Custom fields on order lines follow the same pattern — extend pos.order.line and override _order_line_fields():

Python
class PosOrderLine(models.Model):
    _inherit = 'pos.order.line'

    is_promotional = fields.Boolean(string='Promotional Item')

    @api.model
    def _order_line_fields(self, line, session_id=None):
        fields = super()._order_line_fields(line, session_id)
        fields[1]['is_promotional'] = line[1].get('is_promotional', False)
        return fields
Key takeaways:
  • Extend pos.order / pos.order.line with fields, then override _order_fields() / _order_line_fields() to persist them
  • Override _get_pos_ui_data() on pos.config to include your model's data in the browser payload
  • Expose Python methods with @api.model for real-time server calls from the JS frontend

Frequently Asked Questions

How do I add a field to the printed receipt?
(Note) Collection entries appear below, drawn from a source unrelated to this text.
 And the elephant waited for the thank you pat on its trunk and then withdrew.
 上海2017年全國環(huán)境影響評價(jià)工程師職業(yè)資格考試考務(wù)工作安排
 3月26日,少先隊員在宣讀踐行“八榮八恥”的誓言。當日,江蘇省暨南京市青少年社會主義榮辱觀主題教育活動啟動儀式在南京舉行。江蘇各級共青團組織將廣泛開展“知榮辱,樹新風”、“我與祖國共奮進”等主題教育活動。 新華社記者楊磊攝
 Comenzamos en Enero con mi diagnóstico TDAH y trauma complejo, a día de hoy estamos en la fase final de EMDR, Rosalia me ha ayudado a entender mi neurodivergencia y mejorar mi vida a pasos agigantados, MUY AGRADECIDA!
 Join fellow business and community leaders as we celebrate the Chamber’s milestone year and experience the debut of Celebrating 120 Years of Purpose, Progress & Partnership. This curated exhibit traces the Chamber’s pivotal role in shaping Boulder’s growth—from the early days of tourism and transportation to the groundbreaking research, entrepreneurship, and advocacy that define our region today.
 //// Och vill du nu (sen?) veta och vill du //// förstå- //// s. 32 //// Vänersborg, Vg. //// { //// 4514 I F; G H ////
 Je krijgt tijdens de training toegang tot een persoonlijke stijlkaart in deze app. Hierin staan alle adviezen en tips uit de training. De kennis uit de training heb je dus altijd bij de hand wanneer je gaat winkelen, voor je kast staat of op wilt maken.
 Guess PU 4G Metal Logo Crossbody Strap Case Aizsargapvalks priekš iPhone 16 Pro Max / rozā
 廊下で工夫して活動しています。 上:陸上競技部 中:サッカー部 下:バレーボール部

Extend the receipt QWeb template in XML: inherit point_of_sale.receipt and use XPath to add your field. The field must be on pos.order and included in the data sent to the frontend so the receipt template can access it.

When should I use _get_pos_ui_data vs a real-time RPC call?

Use _get_pos_ui_data for data the POS needs at startup and that doesn't change often: loyalty cards, membership tiers, store-specific price rules. Use real-time RPC for data that changes during the session or requires server-side validation: payment terminal responses, stock checks, dynamic discounts.

Can I add a custom table to POS (like a custom model, not pos.order)?

Yes — include your model's data in _get_pos_ui_data() and register it in the JavaScript side. The POS has a client-side "database" (PosDB) that indexes models by ID and allows fast lookups. Register your model there to make queries from the frontend fast.